Carbon nanotube memory could be a panacea to all existing memory issues, said Nantero, because it is cheap and does not lose its contents if turned off. Existing computer memory comprises DRam, S-Ram and NV-Ram (or flash memory).

DRam, used in PCs and servers, is fast and cheap but its contents are lost when power is switched off. SRam or Static Ram is faster and needs less power but is more expensive and also loses its contents when power is switched off. It is used most commonly for cache memory. NV-Ram is slower, power-hungry, very expensive but keeps its contents when power is switched off.

But NRam (Nanotube-based/Nonvolatile Ram) could eventually replace all three.

It is faster than SRam, it should be cheap and it does not lose its contents when switched off. It should have an almost unlimited life, it should eventually be denser than DRam, needs less power than DRam and is resistant to radiation.

Nantero chief executive officer Greg Schmergel claimed carbon nanotube memory could be made with conventional CMOS manufacturing, keeping costs low. PCs using it could have an instant-on capability, no more lengthy boot time.

Servers could have the speed of SRam without the cost. Devices using flash could have greatly increased capacity for much lower cost. This would be nirvana for all of us and billionaire status for Nantero founders.

A carbon nanotube is a microscopic pipe made of carbon, about 1/10,000th the diameter of a human hair - that is one billionth of a meter thick. The pipe wall is just one atom thick.

The nanotube does actually have moving parts but these move on the atomic scale. The pipes are fabricated as ribbons, hang from a silicon wafer, and are suspended 100 nanometers above a carbon substrate layer. A charge applied to the ribbon causes a few atoms to move, making it bend and touch the substrate. This completes an electrical circuit, a permanent one, unless a different charge is applied. Then the moved atoms return to their original state breaking the circuit. Voila, binary ones and zeroes; ribbon-up gives us '?zero' and ribbon-down is 'one'.

However, nobody knows if it can be manufactured beyond prototype units. A production chip would need millions of these ribbons manufactured cleanly and consistently and long enough to bend.

Nantero, which has built a functioning prototype 10GByte array, is working with development partners to achieve this.
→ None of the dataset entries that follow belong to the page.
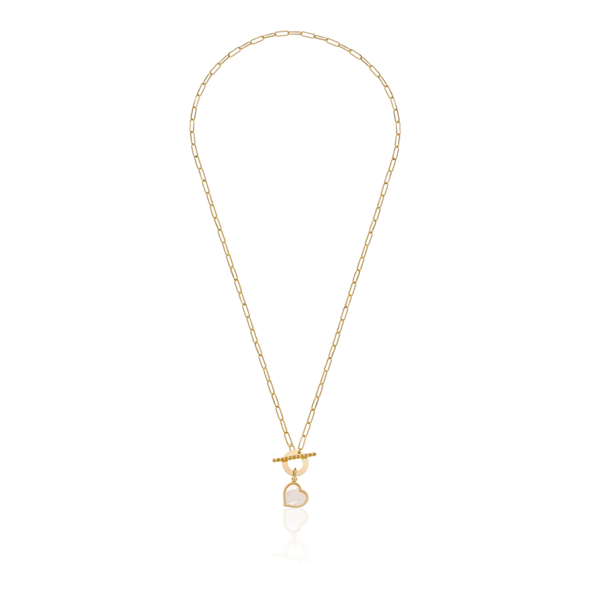 Collana donna unoaerre, 4065, collezione batticuore, in oro giallo 9kt, pendente a forma di cuore in madreperla, lunghezza 40, 5cm
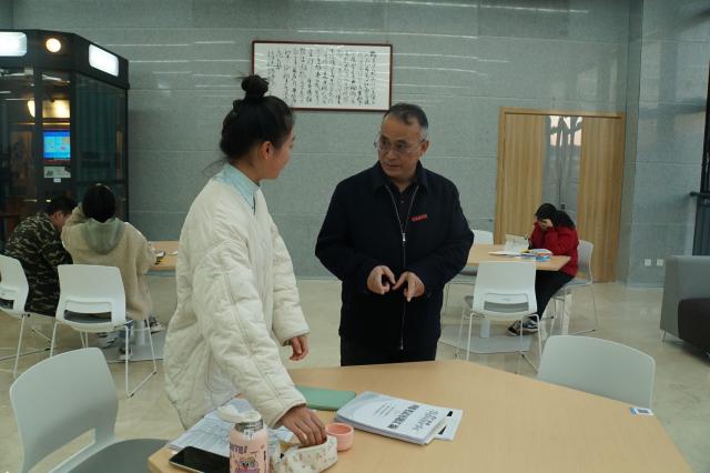 下午5时许,陈雨前来到图书馆,了解学生自习情况。他轻声慢步,仔细观察同学们阅读的书籍。和一名正在备考的学生亲切交谈,他面带微笑地聆听学生对未来的规划,提供相关建议和意见,并鼓励同学加油努力,预祝同学考试顺利。平易近人的话语,长辈般的鼓励让同学的欣喜之情溢于言表,他表示有幸能够和校长像知心朋友一样交谈,感觉很温暖,一定会好好努力,不负校长的期望。图书馆内静悄悄,同学们认真的学习状态,刻苦钻研的学习氛围,让陈雨前感到十分欣慰。
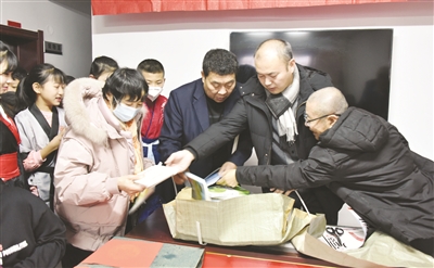送春联之外,洮北区委宣传部的工作人员还将精心挑选、种类丰富的图书送到居民手中。
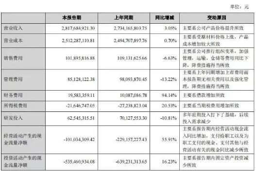 粵海飼料提及,報告期內(nèi),面對特種水產(chǎn)飼料主要原材料魚粉等動物蛋白類原材料特別是魚粉的持續(xù)高位大幅度上漲的不利因素,公司積極采取措施,繼續(xù)深化經(jīng)營管理變革,持續(xù)加大研發(fā)力度,持續(xù)優(yōu)化和調(diào)整產(chǎn)品結(jié)構(gòu),、提升生產(chǎn)工藝技術(shù)與管理水平,進一步優(yōu)化營銷與職能部門組織結(jié)構(gòu)及薪酬與績效考核體系,強化采購與產(chǎn)品質(zhì)量管理,把產(chǎn)品質(zhì)量管控前移至采購端,提高人效,嚴控費用,較好的實現(xiàn)了降本降費增效目標,公司銷售費用、管理費用同比分別下降6.63%、13.22%,毛利率水平同比提升2.08%,營業(yè)收入同比增長3.05%,歸屬于上市公司股東的凈利潤同比增長33.83%,增長較大。

LSI Logic is jointly manufacturing development work with Nantero and hoped to build NRAM into its ASIC chips. It does not currently incorporate flash memory in these chips. Incorporating NRam could make them much more powerful and customers would not need to buy extra memory chips.

Schmergel said LSI Logic has a world-class fab and LSI Logic is an ideal partner for us in developing Nantero's carbon nanotube technology for high-volume manufacturing.

A manufacturing method could be in place in 2006. Eventually the silicon layer in the NRAM chips could replaced. A world-class but unnamed semi-conductor memory manufacturer has also just signed up to license and manufacture memory using Nantero technology.

MRam can also be made on conventional CMOS processes though, and Phase-change memory also uses a CMOS process plus a few steps. It looks like a rampant three-way tussle is coming.


Source


Get my broker on the line.
 
WOBURN, Mass., June 7 /PRNewswire-FirstCall/ -- Nantero, Inc. announced today that it is teaming with LSI Logic Corporation (NYSE: LSI - News) to develop semiconductor process technology, expediting the effective utilization of carbon nanotubes in CMOS fabrication.
Nantero doesn't have stocks...not in the World market...but LSI does. :)

w


and their price has been dropping, oddly enough. We'll see what the market does soon enough.